El drama nació y creció a partir de un conflicto de actitudes, pues al Ojo no le importaba mucho el pasado, la nostalgia, los hijos, la mujer de los primeros días, las cosas, los escritos, los libros que hasta entonces habían anegado la vida del Ramón. Tampoco le importaban mucho los ritmos, los gustos, las pulsiones, las metas de esa nueva mujer, porque sólo aspiraba a que todos siguieran su ritmo, sus gustos, sus pulsiones y metas, como una comparsa alegre y ruidosa pero desprovista de libre albedrío. Mientras el Ojo se zambullía en la multitud, el Ramón era el escenario de una dramática confusión de sentimientos, unos de nostalgia y culpa por su pasado perdido y otros de un amor naciente, de una relación nueva, de una construcción que él quería larga y venturosa. El drama es que esta nueva mujer se había enamorado del Ojo, aunque la turbaran sus excesos y su ritmo endiablado, mientras que apenas sentía una tibia ternura por el Ramón.

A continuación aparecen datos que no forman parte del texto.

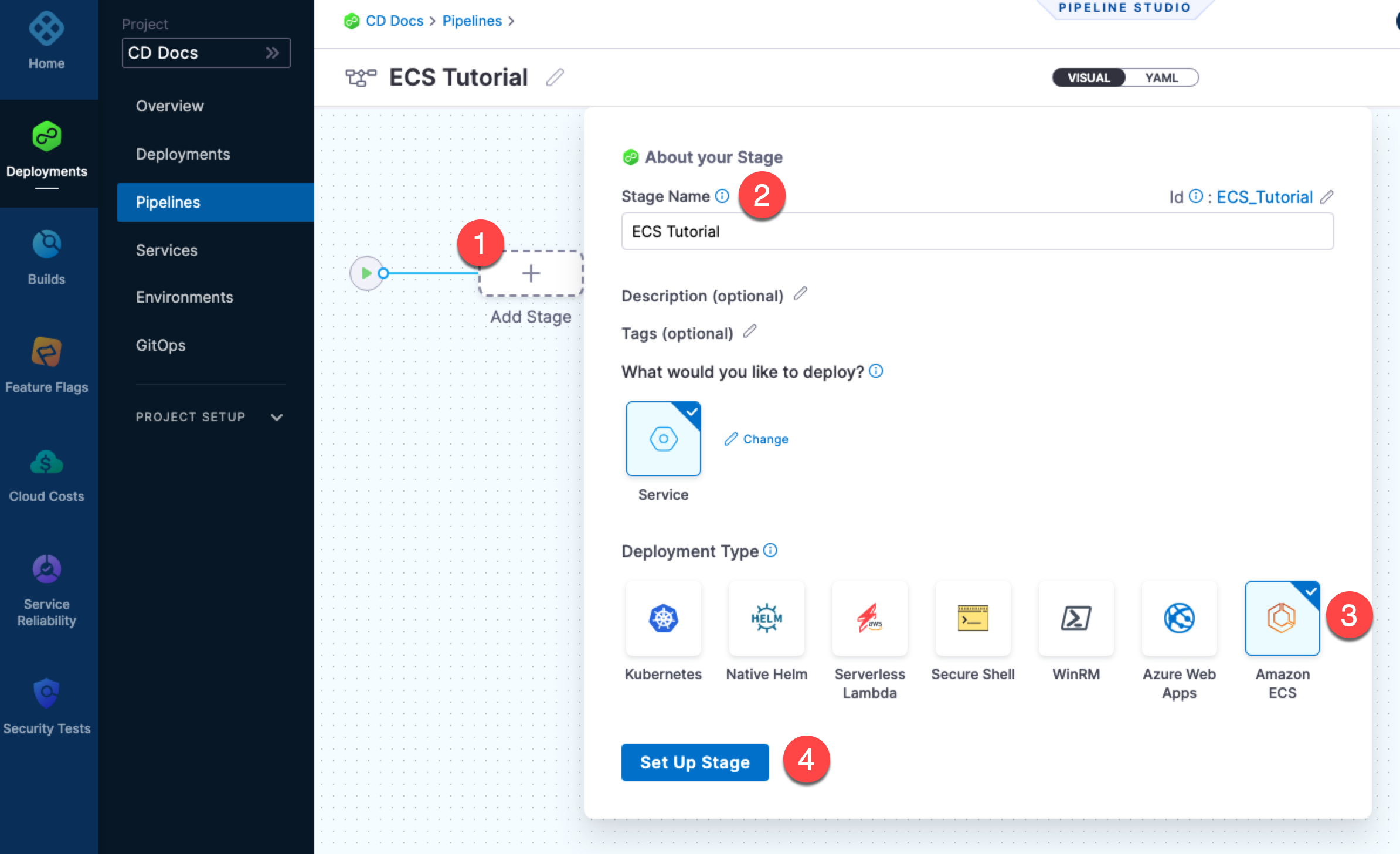- Install and register a Harness Delegate for ECS deployments.

Es justo reconocer que en toda esa época el Ojo asumió los gastos de la casa, mientras el Ramón cumplía sus deberes de padre abnegado y esposo ejemplar en los pequeños espacios que le dejaba el Ojo. Pero la cosa no era tan sencilla, porque si bien el Ojo era el responsable de la columna diaria, del célebre “ch’akigrama” y de la revista “Viernes de Soltero”, que marcó época entre los militantes de la buena vida, en los hechos el redactor y diagramador era el atribulado Ramón, en los pequeños espacios que le dejaba la vida llena de compromisos del Ojo.
De esa época data un texto patético que escribió sin duda el Ramón (pues el Ojo ni leía ni escribía, solamente vivía), que dice lo siguiente: “Acabo de comprobar con amargura que este canallita del Ojo de Vidrio no sólo se aprovecha de mi oscuro trabajo de redactor secreto de sus textos, sino que me lleva a gozar de la vida y espera que me duerma para volver solito a la casa y cumplir los deberes de abnegado esposo y padre ejemplar que sólo a mí me corresponden”. Cómo estaría de afligido el Ramón que llegó a escribir ese párrafo francamente esquizoide. Años después encontré un texto similar escrito por Simón Rodríguez, el maestro del Libertador: “Sírvase devolverme mi mujer porque yo también la necesito para los usos a que Ud. la tiene destinada”.
Hoy que escribo estas desmemorias, me he levantado muy temprano mientras el Ojo sigue durmiendo la mona, pues anoche festejó al Señor de Compadres y no se repondrá sino hasta la hora de almuerzo. Hace rato que he vuelto a mi recogimiento, casi no salgo y escribo todo el tiempo con la cara vuelta a la pared. Pero los excesos del Ojo me agotan, me quitan todas mis energías, repitiendo hasta el asco la increíble y triste historia del Dr. Jekyll y Mr. Hyde.